To use filesystem as a destination, install dlt with the filesystem extra:

pip install "dlt[filesystem]"

Quick Start

Here’s a simple example to get you started:

import dlt

# Define your data source
@dlt.resource
def my_data():
    yield {"id": 1, "name": "Alice"}
    yield {"id": 2, "name": "Bob"}

# Create pipeline - saves to local filesystem
pipeline = dlt.pipeline(
    pipeline_name="my_pipeline",
    destination="filesystem",
    dataset_name="my_dataset"
)

# Run the pipeline
info = pipeline.run(my_data())
print(info)

Configuration

Basic Configuration

bucket_url

string

required

The filesystem path or bucket URL. Supports various protocols:

Local: file:///path/to/directory
AWS S3: s3://bucket-name/path
GCS: gs://bucket-name/path
Azure: az://container-name/path
Memory: memory://m

layout

string

Layout of files in the destination using placeholders like {table_name}, {load_id}, {file_id}, etc.

extra_placeholders

dict

Additional custom placeholders for the layout

current_datetime

callable

Function to provide current datetime for time-based placeholders

max_state_files

int

default:"100"

Maximum number of pipeline state files to keep. Set to 0 or negative to disable cleanup.

Supported Protocols

Local Filesystem

import dlt
from dlt.destinations import filesystem

pipeline = dlt.pipeline(
    destination=filesystem("file:///tmp/my_data"),
    dataset_name="my_dataset"
)

AWS S3

import dlt
from dlt.destinations import filesystem

pipeline = dlt.pipeline(
    destination=filesystem("s3://my-bucket/data"),
    dataset_name="my_dataset"
)

Configure AWS credentials:

[destination.filesystem]
bucket_url = "s3://my-bucket/data"

[destination.filesystem.credentials]
aws_access_key_id = "your-access-key"
aws_secret_access_key = "your-secret-key"
region_name = "us-east-1"

Google Cloud Storage

import dlt
from dlt.destinations import filesystem

pipeline = dlt.pipeline(
    destination=filesystem("gs://my-bucket/data"),
    dataset_name="my_dataset"
)

Configure GCS credentials:

[destination.filesystem]
bucket_url = "gs://my-bucket/data"

[destination.filesystem.credentials]
project_id = "my-project"
private_key = "-----BEGIN PRIVATE KEY-----\n...\n-----END PRIVATE KEY-----\n"
client_email = "[email protected]"

Azure Blob Storage

import dlt
from dlt.destinations import filesystem

pipeline = dlt.pipeline(
    destination=filesystem("az://my-container/data"),
    dataset_name="my_dataset"
)

Configure Azure credentials:

[destination.filesystem]
bucket_url = "az://my-container/data"

[destination.filesystem.credentials]
azure_storage_account_name = "mystorageaccount"
azure_storage_account_key = "your-account-key"

Hugging Face Datasets

import dlt
from dlt.destinations import filesystem

pipeline = dlt.pipeline(
    destination=filesystem("hf://datasets/my-username/my-dataset"),
    dataset_name="my_dataset"
)

Configure Hugging Face credentials:

[destination.filesystem]
bucket_url = "hf://datasets/my-username/my-dataset"

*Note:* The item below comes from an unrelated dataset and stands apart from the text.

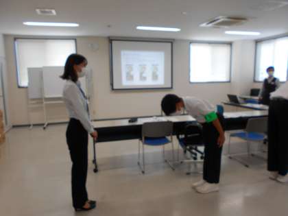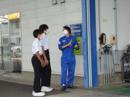 今日が初日ということもあり、まず接客のマナーやあいさつの練習をしました。おじぎの仕方等、細部にわたって意識していました。また、整備工場を見学しました。機会や工具の使い方の説明を真剣に聞いていました。

[destination.filesystem.credentials]
token = "hf_..."

File Formats

The filesystem destination supports multiple file formats:

pipeline = dlt.pipeline(
    destination="filesystem",
    dataset_name="my_dataset"
)
pipeline.run(my_data(), loader_file_format="jsonl")

File Layout

Customize the directory structure and file naming:

import dlt
from dlt.destinations import filesystem

pipeline = dlt.pipeline(
    destination=filesystem(
        bucket_url="s3://my-bucket/data",
        layout="{table_name}/{load_id}.{file_id}.{ext}"
    ),
    dataset_name="my_dataset"
)

Available Placeholders

{table_name}: Name of the table
{schema_name}: Name of the schema
{load_id}: Unique load identifier
{file_id}: File number within the load
{ext}: File extension (jsonl, parquet, csv)
{timestamp}: Load timestamp
{curr_date}: Current date

Custom Placeholders

Define custom placeholders:

import dlt
from dlt.destinations import filesystem
from datetime import datetime

pipeline = dlt.pipeline(
    destination=filesystem(
        bucket_url="s3://my-bucket/data",
        layout="year={year}/month={month}/{table_name}.{ext}",
        extra_placeholders={
            "year": datetime.now().year,
            "month": datetime.now().month
        }
    ),
    dataset_name="my_dataset"
)

Table Formats

Delta Lake

Create Delta Lake tables:

import dlt

@dlt.resource(table_format="delta")
def delta_data():
    yield {"id": 1, "value": "data"}

pipeline = dlt.pipeline(
    destination="filesystem",
    dataset_name="my_dataset"
)

pipeline.run(delta_data(), loader_file_format="parquet")

Delta Lake requires Parquet file format.

Apache Iceberg

Create Apache Iceberg tables:

import dlt

@dlt.resource(table_format="iceberg")
def iceberg_data():
    yield {"id": 1, "value": "data"}

pipeline = dlt.pipeline(
    destination="filesystem",
    dataset_name="my_dataset"
)

pipeline.run(iceberg_data(), loader_file_format="parquet")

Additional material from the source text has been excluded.